* DATA LISTING *
———

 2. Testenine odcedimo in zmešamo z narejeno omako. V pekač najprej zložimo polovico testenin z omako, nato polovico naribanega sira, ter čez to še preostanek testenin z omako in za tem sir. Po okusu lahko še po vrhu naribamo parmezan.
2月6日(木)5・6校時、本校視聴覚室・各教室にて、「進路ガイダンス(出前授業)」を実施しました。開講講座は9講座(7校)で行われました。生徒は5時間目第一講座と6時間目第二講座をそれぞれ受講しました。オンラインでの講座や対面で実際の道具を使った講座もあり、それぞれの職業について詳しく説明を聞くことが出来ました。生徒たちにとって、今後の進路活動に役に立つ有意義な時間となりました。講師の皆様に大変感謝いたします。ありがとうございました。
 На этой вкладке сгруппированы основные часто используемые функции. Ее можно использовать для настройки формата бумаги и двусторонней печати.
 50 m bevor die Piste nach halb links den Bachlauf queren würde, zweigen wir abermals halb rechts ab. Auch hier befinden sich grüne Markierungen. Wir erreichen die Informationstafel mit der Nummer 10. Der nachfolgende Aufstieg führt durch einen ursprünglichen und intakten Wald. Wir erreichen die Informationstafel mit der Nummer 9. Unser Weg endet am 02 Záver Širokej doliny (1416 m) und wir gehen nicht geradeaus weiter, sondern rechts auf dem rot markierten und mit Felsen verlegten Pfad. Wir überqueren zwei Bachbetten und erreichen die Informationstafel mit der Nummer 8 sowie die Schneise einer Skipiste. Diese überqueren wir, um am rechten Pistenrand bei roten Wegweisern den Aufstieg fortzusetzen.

———

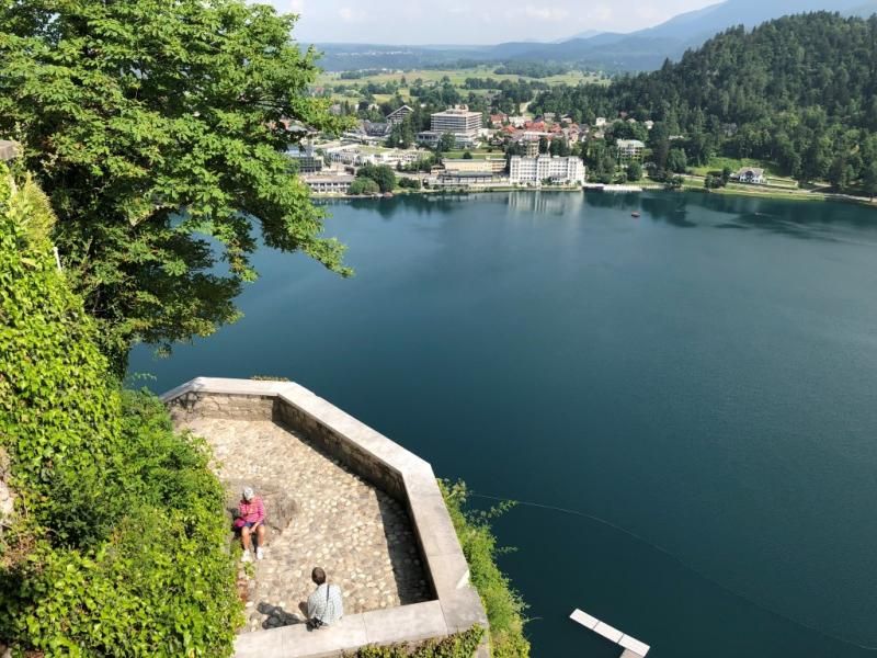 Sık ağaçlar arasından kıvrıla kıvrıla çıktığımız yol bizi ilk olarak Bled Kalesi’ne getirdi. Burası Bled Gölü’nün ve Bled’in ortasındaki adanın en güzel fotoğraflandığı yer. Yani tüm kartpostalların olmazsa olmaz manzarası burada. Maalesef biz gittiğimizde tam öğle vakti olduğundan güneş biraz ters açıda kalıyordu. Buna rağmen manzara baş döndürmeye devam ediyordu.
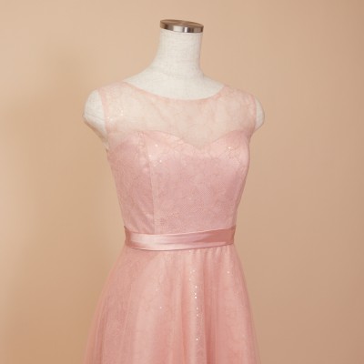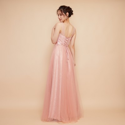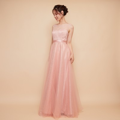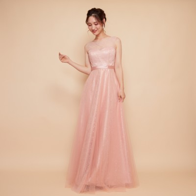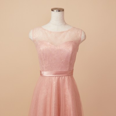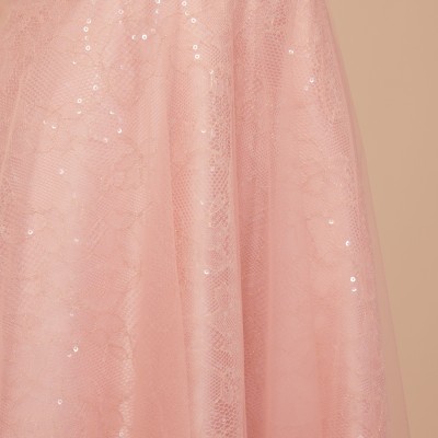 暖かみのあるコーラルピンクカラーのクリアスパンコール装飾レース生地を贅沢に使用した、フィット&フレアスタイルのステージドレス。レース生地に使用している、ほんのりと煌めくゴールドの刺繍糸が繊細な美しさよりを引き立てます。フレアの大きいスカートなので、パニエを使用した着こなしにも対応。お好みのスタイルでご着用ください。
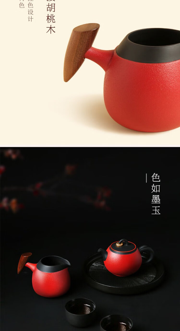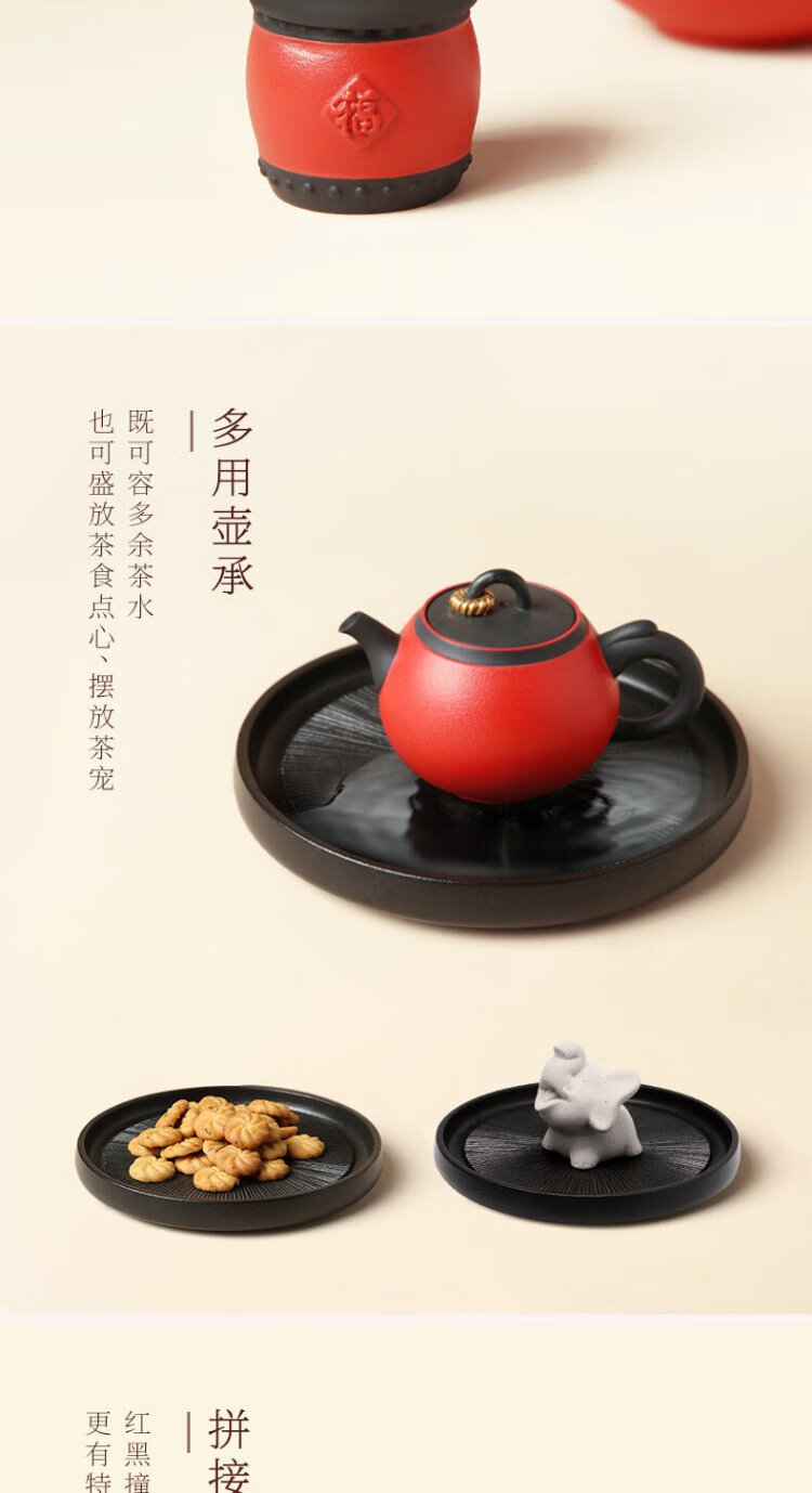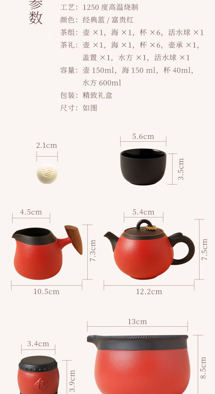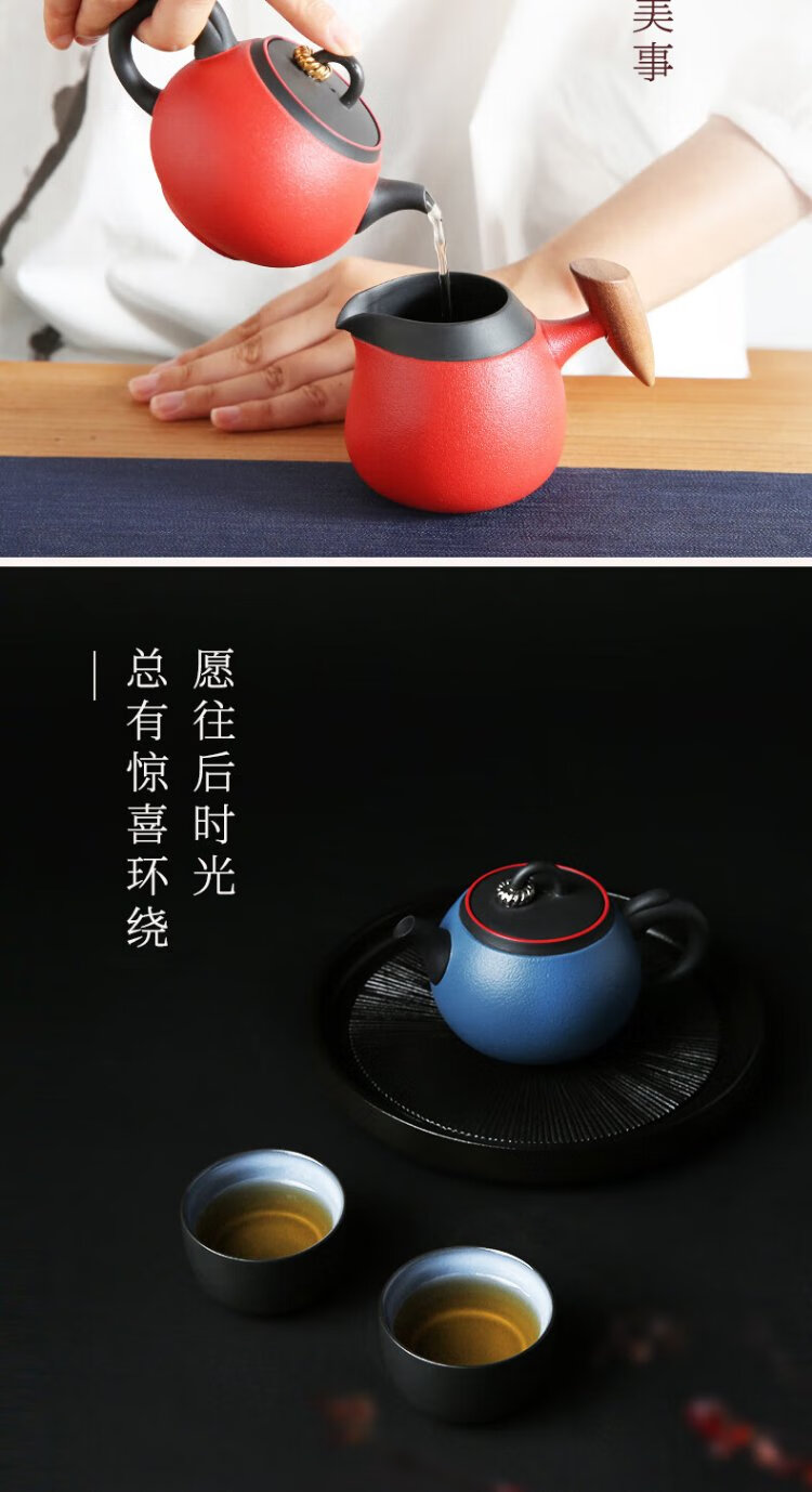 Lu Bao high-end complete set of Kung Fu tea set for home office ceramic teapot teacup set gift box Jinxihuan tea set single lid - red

———

* TASK *
Of the lines above, output exactly those from the line bearing "2. Testenine odcedimo" through the line bearing "На этой вкладке", inclusive.

* RESULT OF THIS TASK *
 2. Testenine odcedimo in zmešamo z narejeno omako. V pekač najprej zložimo polovico testenin z omako, nato polovico naribanega sira, ter čez to še preostanek testenin z omako in za tem sir. Po okusu lahko še po vrhu naribamo parmezan.
2月6日(木)5・6校時、本校視聴覚室・各教室にて、「進路ガイダンス(出前授業)」を実施しました。開講講座は9講座(7校)で行われました。生徒は5時間目第一講座と6時間目第二講座をそれぞれ受講しました。オンラインでの講座や対面で実際の道具を使った講座もあり、それぞれの職業について詳しく説明を聞くことが出来ました。生徒たちにとって、今後の進路活動に役に立つ有意義な時間となりました。講師の皆様に大変感謝いたします。ありがとうございました。
 На этой вкладке сгруппированы основные часто используемые функции. Ее можно использовать для настройки формата бумаги и двусторонней печати.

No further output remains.